What is the principle? In verse 28 it is that of obtaining and considering a construction estimate. The result of not getting an estimate, in verses 29-31, is that the building project will not be completed and the man will be mocked.
In verses 30-32 the principle is that of a king considering the amount of military force he has before attacking an enemy who may well be more powerful than he is. If he does not think he can raise an adequate force to overcome the enemy he will seek a diplomatic solution to the conflict.
Verse 33 ties us back to verses 26 and 27. Being a disciple of Jesus requires us to lay down all that we have, all our earthly security, all our hopes, all our dreams. It requires us to follow him regardless of the outcome. Verse 27 says that the disciple is to “bear his cross” (NKJV). This, we realize is no decoration but rather a device to inflict a slow and painful death.
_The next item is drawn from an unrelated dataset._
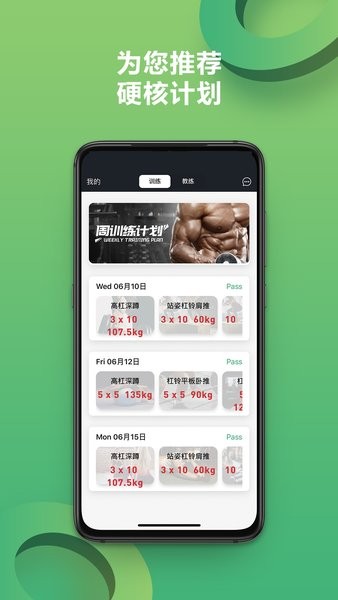 训练成果的系统性记录与反馈,从最科学的效果给用户树立健身训练的观念

Are Jesus’ disciples willing to follow him even if it costs their life? It is a large cost to consider. Yet this is the demand Jesus makes. He came and gave his life. If we receive his life in place of ours, we must also be willing to lay down our lives.
How do verses 34-35 relate? Jesus suddenly talks about salt which could lose its flavor and be worthless. If the Christian is not distinctly Christian, he has chosen to take up his own life again rather than Jesus’ life on his behalf. Jesus’ call is certainly to a radical type of discipleship which will be reflective of his priorities and his resurrection.
If this passage seems to leave us without hope, realizing that our commitment is imperfect and worthy of being thrown out, the worthless salt, we should consider again the way Jesus comes for those who are imperfect. He himself perishes for us outside the camp, bringing us forgiveness, as we read in Hebrews chapter 13. The same Lord who calls us to unflinching discipleship also calls us to trust in his forgiveness.